J.P. Morgan Asset Management acquired Aviva Investors' Asia-Pacific real estate business, said a spokeswoman for J.P. Morgan.
The deal, which has already closed, sees J.P. Morgan take on the entire 16-person team from Aviva Investors and $1.2 billion of diversified assets in Australia, New Zealand, Japan and Singapore across all real estate types, but primarily office and industrial real estate, the spokeswoman said. The firm already has a real estate presence in India and Greater China, in addition to the U.S. and Europe.
It is an expansion for J.P. Morgan's existing global real assets and real estate business. The spokeswoman said this acquisition “levels the playing field for us across the globe,” for the $1.7 trillion manager. The manager already has $82 billion of real estate, infrastructure and maritime assets under management across the globe.

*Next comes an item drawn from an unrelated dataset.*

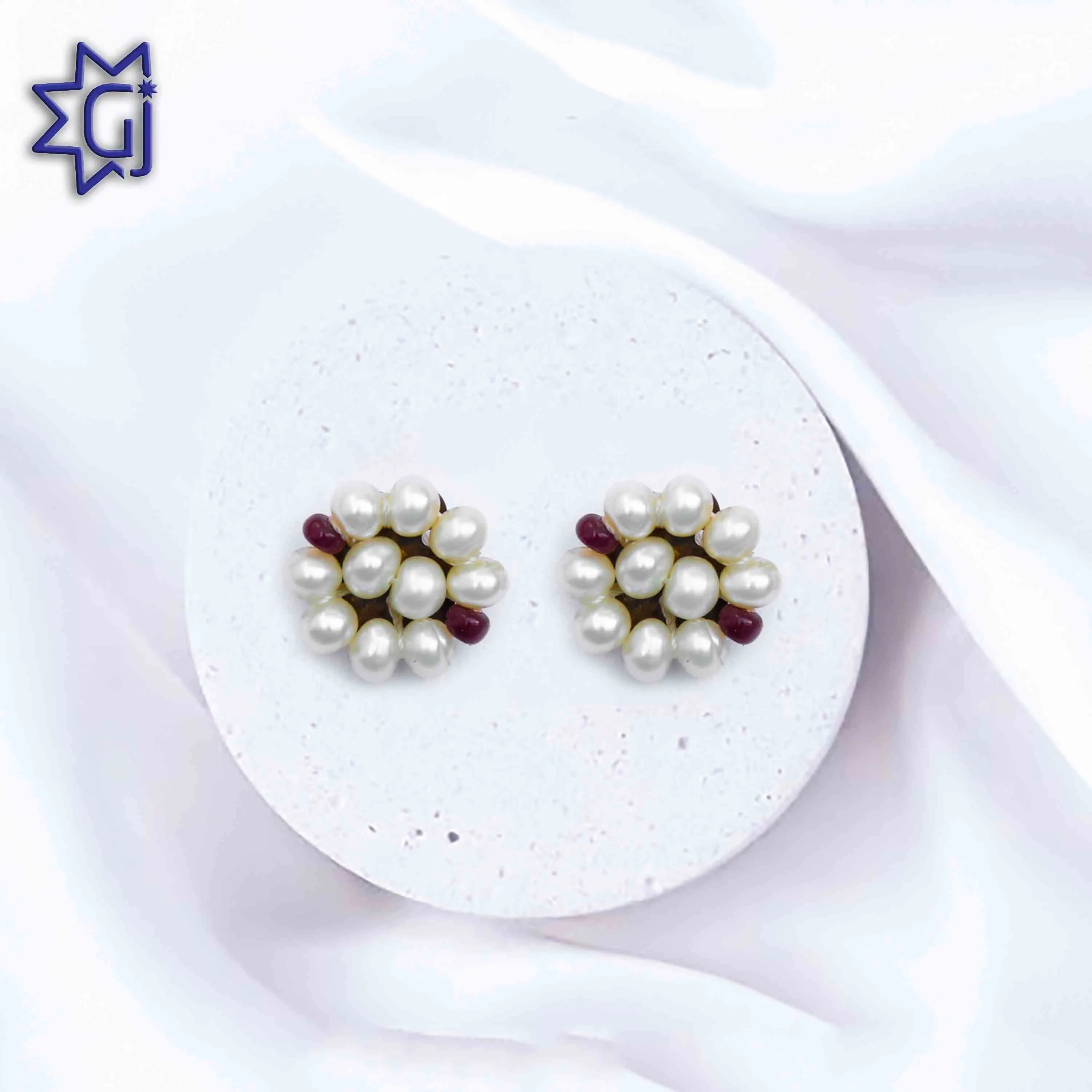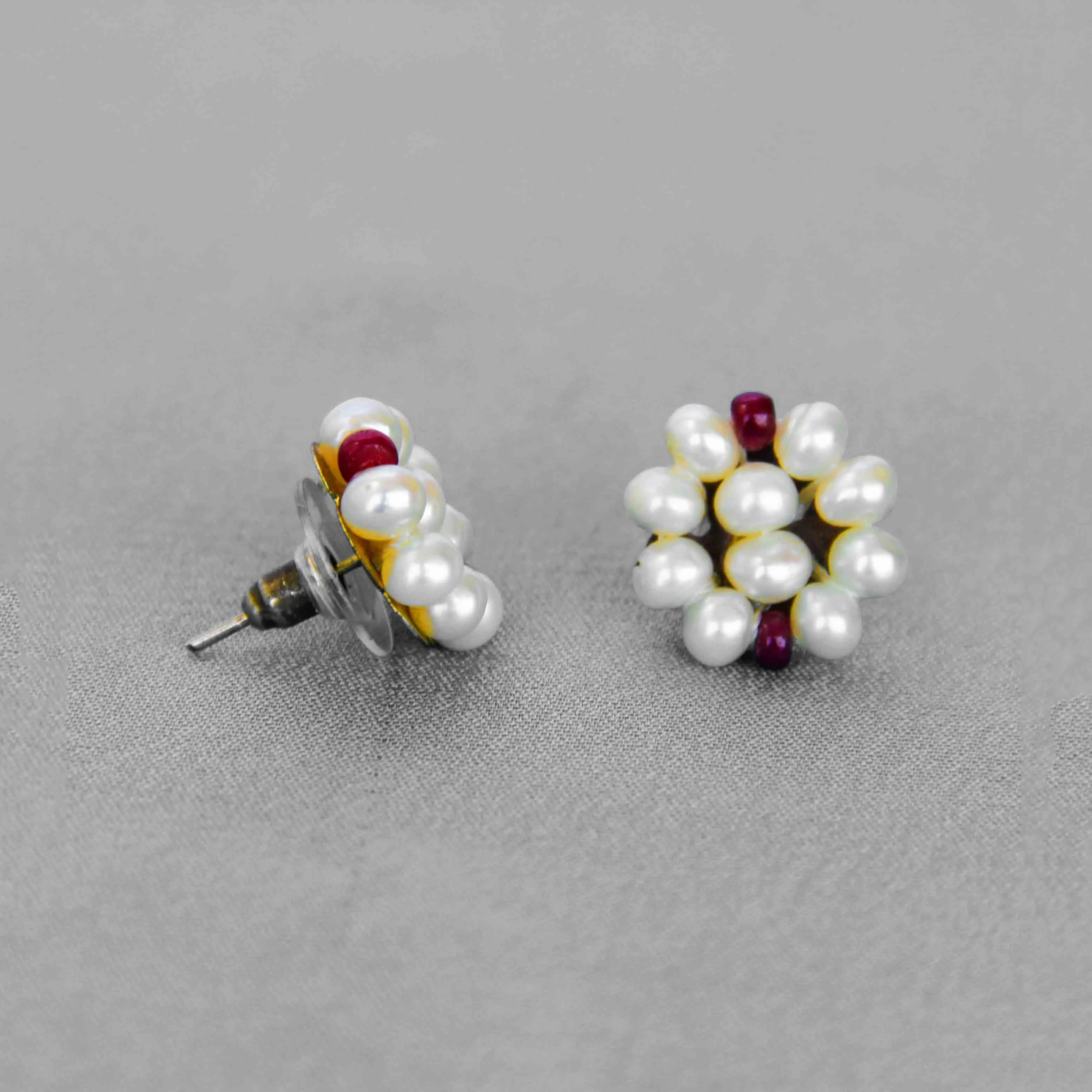 These pearl stud earrings feature round imitation pearls with a subtle gold-tone base, accentuated by deep ruby stones placed on either side. The perfect balance of elegance and everyday wearability.

The spokeswoman added that the value of the transaction was not being disclosed. The deal does not affect Aviva Investors' multimanager real estate strategies in Asia-Pacific, according to a news release by J.P. Morgan Asset Management.

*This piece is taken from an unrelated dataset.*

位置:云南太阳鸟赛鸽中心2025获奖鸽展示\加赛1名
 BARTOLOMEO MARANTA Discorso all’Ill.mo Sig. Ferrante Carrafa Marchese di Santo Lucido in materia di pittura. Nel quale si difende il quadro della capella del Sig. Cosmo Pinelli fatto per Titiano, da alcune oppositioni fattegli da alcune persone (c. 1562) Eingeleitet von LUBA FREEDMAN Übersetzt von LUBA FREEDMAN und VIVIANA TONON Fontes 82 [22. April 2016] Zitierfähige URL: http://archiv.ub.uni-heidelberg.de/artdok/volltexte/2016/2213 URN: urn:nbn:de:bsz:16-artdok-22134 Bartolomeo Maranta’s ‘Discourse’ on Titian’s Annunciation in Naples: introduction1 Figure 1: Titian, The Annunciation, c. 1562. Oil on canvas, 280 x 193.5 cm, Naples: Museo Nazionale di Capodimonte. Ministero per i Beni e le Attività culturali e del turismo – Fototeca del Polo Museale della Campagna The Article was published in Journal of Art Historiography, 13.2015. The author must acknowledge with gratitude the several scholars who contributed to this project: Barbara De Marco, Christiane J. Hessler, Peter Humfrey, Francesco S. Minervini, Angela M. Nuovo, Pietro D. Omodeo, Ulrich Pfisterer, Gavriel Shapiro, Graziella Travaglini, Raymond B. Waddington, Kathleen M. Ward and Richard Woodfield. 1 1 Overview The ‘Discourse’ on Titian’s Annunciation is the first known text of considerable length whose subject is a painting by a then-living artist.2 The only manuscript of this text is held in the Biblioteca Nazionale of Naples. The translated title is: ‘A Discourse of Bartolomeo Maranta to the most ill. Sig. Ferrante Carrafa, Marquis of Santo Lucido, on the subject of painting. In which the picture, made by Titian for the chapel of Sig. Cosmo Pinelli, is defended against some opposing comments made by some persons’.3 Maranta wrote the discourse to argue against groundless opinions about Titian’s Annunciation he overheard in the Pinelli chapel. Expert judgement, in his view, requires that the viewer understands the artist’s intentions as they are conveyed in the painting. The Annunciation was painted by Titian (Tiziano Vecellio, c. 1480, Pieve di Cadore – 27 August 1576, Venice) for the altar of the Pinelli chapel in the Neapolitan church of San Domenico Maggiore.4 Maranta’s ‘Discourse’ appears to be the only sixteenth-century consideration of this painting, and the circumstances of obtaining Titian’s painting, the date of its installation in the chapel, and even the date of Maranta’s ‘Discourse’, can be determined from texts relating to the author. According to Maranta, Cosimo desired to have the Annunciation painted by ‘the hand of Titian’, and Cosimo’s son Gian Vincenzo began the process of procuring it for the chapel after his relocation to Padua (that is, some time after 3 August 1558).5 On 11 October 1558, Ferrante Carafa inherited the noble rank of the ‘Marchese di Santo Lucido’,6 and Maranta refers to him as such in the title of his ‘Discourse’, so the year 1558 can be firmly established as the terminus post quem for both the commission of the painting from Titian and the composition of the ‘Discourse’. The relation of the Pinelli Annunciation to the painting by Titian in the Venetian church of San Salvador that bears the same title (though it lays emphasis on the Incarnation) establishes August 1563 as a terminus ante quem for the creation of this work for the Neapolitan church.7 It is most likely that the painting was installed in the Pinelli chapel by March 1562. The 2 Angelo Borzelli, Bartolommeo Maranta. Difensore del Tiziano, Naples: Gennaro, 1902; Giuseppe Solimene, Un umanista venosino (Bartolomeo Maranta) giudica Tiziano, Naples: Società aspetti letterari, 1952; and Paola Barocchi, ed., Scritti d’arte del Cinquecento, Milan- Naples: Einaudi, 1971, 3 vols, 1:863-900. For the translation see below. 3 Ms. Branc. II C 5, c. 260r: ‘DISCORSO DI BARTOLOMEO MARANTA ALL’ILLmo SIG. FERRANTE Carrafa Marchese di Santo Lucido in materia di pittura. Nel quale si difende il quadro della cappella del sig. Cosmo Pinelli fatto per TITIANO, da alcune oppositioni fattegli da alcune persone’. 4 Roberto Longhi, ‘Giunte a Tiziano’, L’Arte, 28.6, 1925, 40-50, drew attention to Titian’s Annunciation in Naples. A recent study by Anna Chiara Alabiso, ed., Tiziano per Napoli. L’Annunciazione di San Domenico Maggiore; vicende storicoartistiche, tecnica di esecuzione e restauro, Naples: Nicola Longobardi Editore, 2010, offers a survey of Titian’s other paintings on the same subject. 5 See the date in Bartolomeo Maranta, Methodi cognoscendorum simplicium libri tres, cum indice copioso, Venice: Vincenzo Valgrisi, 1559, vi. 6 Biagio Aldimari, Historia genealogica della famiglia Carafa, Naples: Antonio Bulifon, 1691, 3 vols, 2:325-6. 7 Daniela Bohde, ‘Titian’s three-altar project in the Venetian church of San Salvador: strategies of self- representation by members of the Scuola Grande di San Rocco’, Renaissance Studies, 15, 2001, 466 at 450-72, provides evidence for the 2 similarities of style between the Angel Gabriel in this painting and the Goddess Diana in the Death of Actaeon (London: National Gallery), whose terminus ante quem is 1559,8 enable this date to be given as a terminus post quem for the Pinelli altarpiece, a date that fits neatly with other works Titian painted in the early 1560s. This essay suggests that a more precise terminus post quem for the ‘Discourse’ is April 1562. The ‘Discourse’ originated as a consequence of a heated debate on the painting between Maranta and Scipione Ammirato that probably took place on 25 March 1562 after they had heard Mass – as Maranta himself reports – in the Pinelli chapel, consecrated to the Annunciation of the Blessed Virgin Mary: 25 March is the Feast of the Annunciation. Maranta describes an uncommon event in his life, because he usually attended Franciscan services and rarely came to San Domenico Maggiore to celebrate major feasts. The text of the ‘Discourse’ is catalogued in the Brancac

“Growing in Asia-Pacific has been a strategic imperative for us as a global real assets solutions provider,” said Joe Azelby, head of J.P. Morgan Asset Management's global real assets unit, in the release. “With this acquisition, we have expanded our real estate investment capabilities, across the full risk spectrum from core to opportunistic strategies, to help our clients increase their allocations to dynamic growth markets in Asia-Pacific.”
In the same news release, Euan Munro, CEO at Aviva Investors, said the divestment of the Asia-Pacific real estate business was part of the manager's plans to simplify its business and move toward an “integrated operating model and organizational structure. … (W)e selected J.P. Morgan to help ensure stability and continuity for the investors in our Asia-Pacific real estate strategies.”